Out of the Silence Came a Song: The Somber Sound of Porter Wagoner

Out of the Silence Came a Song: The Somber Sound of Porter Wagoner

Though his name may not ring as resoundingly down the halls of Nashville’s country hall of fame as those of his contemporaries George Jones and Ray Price, Porter Wagoner’s contribution to country music was just as significant. As the mastermind behind Dolly Parton’s meteoric rise to country stardom Wagoner was able to lodge some of his most memorable compositions in the higher reaches of the country charts. Yet despite his phenomenal success with Parton, Porter Wagoner’s somewhat more eccentric solo efforts often went comparatively underappreciated.
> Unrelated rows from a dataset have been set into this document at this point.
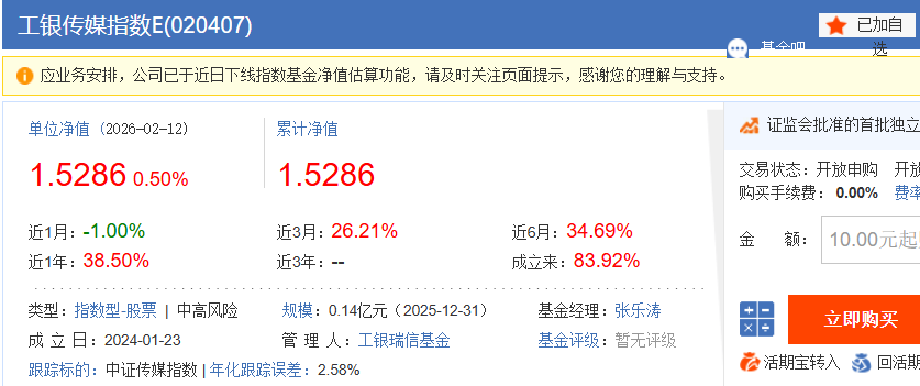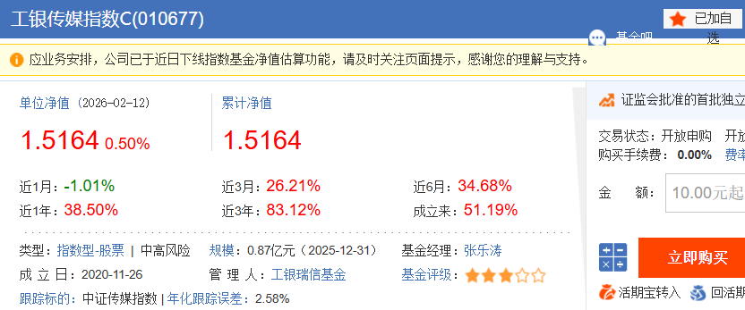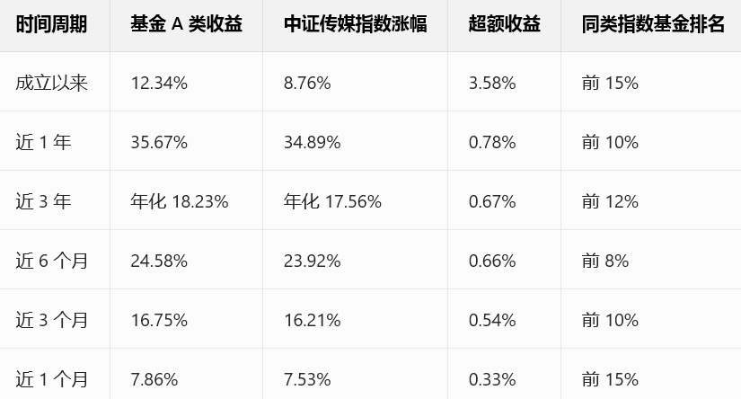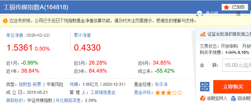 成立日期:2015 年 5 月 13 日,截至 2026 年 2 月,已经成立 10 年零 9 个月,是 A 股市场上最早成立的传媒主题指数基金之一,完整经历了传媒板块的牛熊周期,见证了行业的高峰与低谷,运作极其稳定,不是没经过市场考验的新基金;
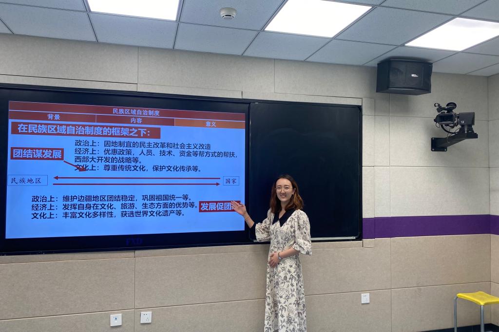 活动第一个环节是澳门网上博彩张月瑶老师为初二讲授新课《民族大团结》。海淀区历史学科新教师们在认真聆听和记录课堂相关内容。随后,张月瑶老师从本课的教学设计、问题串拟定、选材布局等方面为新教师们说课。
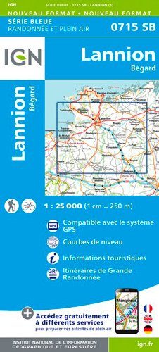 Wandelkaart 0715 SB - Lannion & Bégard - IGN Productomschrijving: Lannion & Bégard zijn gemeentes in het Franse departement Côtes-d'Armor, in de regio Bretagne. De plaats maakt deel uit van ...
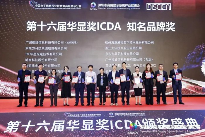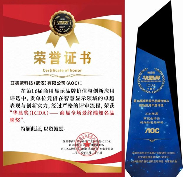 除此之外,本次活动现场还举办了第十六届商显行业“华显奖”颁奖盛典。作为商显行业标杆的的荣誉奖项,“华显奖ICDA”旨在打造商显行业各领域创新优秀企业的标杆,表彰先进典范,助力企业长虹发展。此次AOC斩获第十六届华显奖ICDA-商显全场景终端知名品牌奖,既得益于行业内各大企业、经销商、工程商以及终端客户对AOC品牌的高度认可,更是AOC自身雄厚品牌实力的有力彰显。
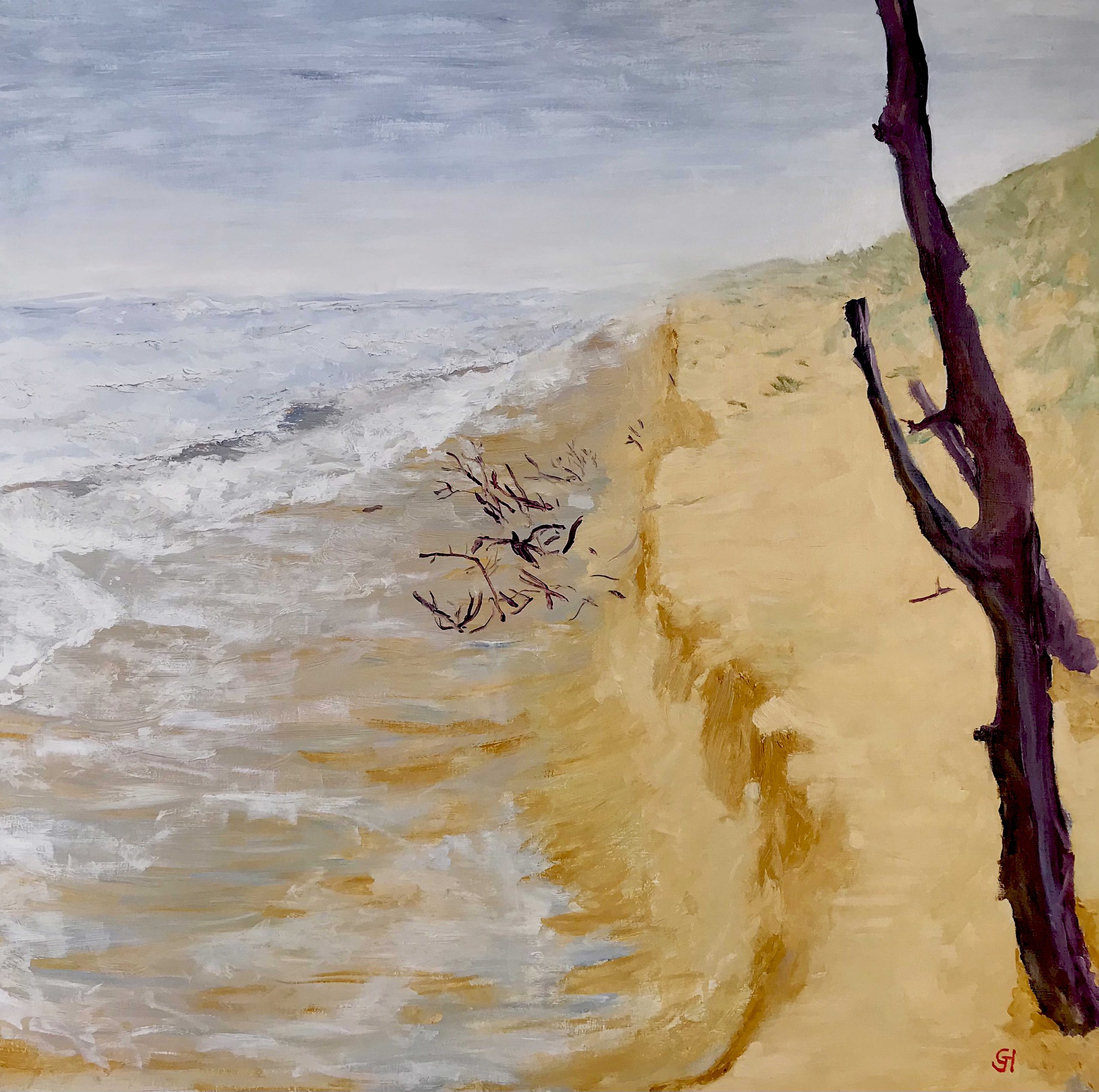 A heavy surf was still running and the salt haze restricted visibility. Oils on a cradled wood panel, sides painted black, unframed with a wire across the back, ready to hang.
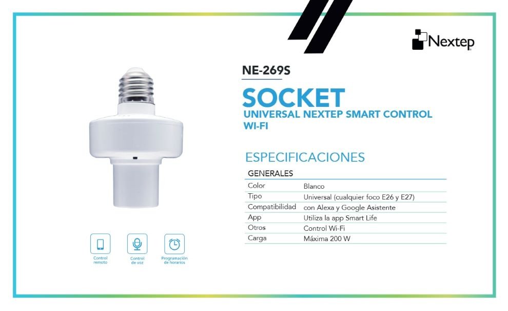 Socket Inteligente Para Foco NEXTEP NE-269S/ Control Remoto / WIFI / 200 W / Universal E26/27 / Color Blanco
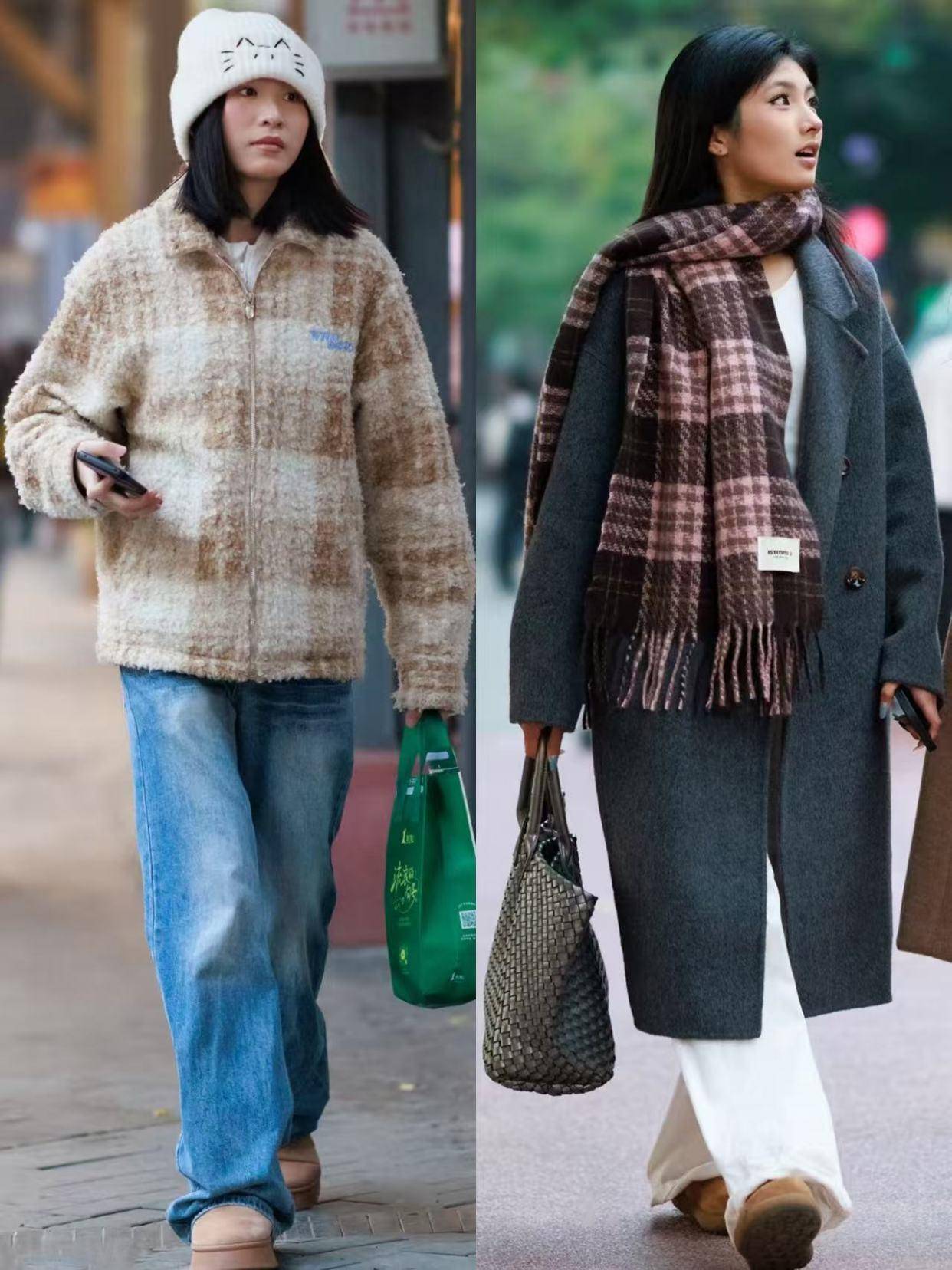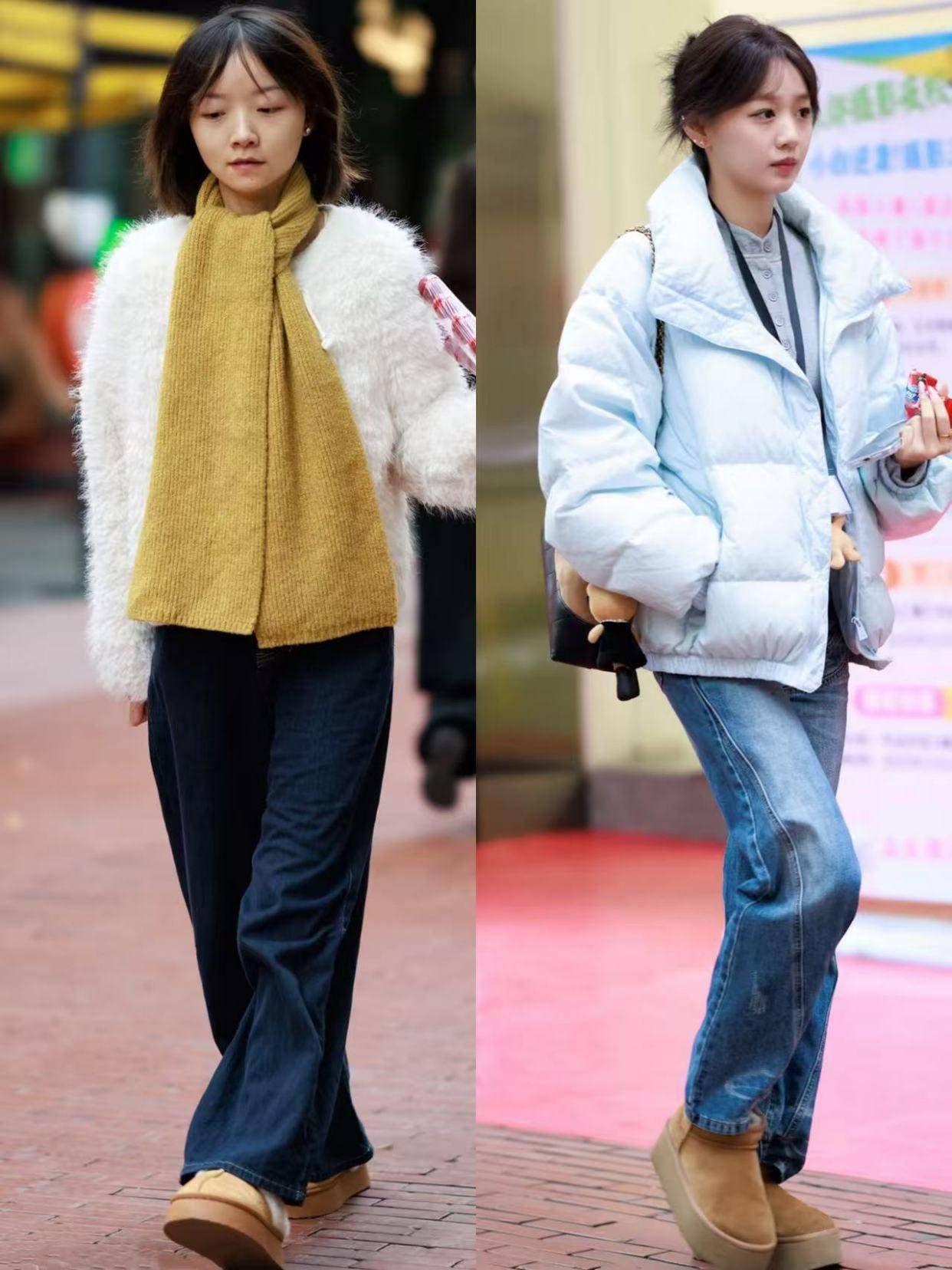 例如上面用驼色的雪地靴搭配上牛仔裤,加上皮草外套和羽绒服外套,显得就很个性时尚。

Wagoner was able to sell albums by the truckload during his mid-sixties heydey, but he never attained superstardom, despite his reedy, yet sweet baritone and his skills as a first rate song-writer able to fill a three minute single with more twists and turns than a full season’s worth of tawdry soap operas. The outré murder ballads, chilling tales of insanity, and lovelorn pleas compiled on Out of Silence Came A Song prove that Wagoner was a skillful interpreter of his own material, not merely an ace songwriter. Songs like the unhinged “The Rubber Room” and the nihilistic “Cold Hard Facts of Life” are couched in baroque countrypolitan string arrangements and beautifully played lap steel guitar. Taken as a whole this collection represents an important chapter in the history of modern country music and the development of the Nashville songwriting industry.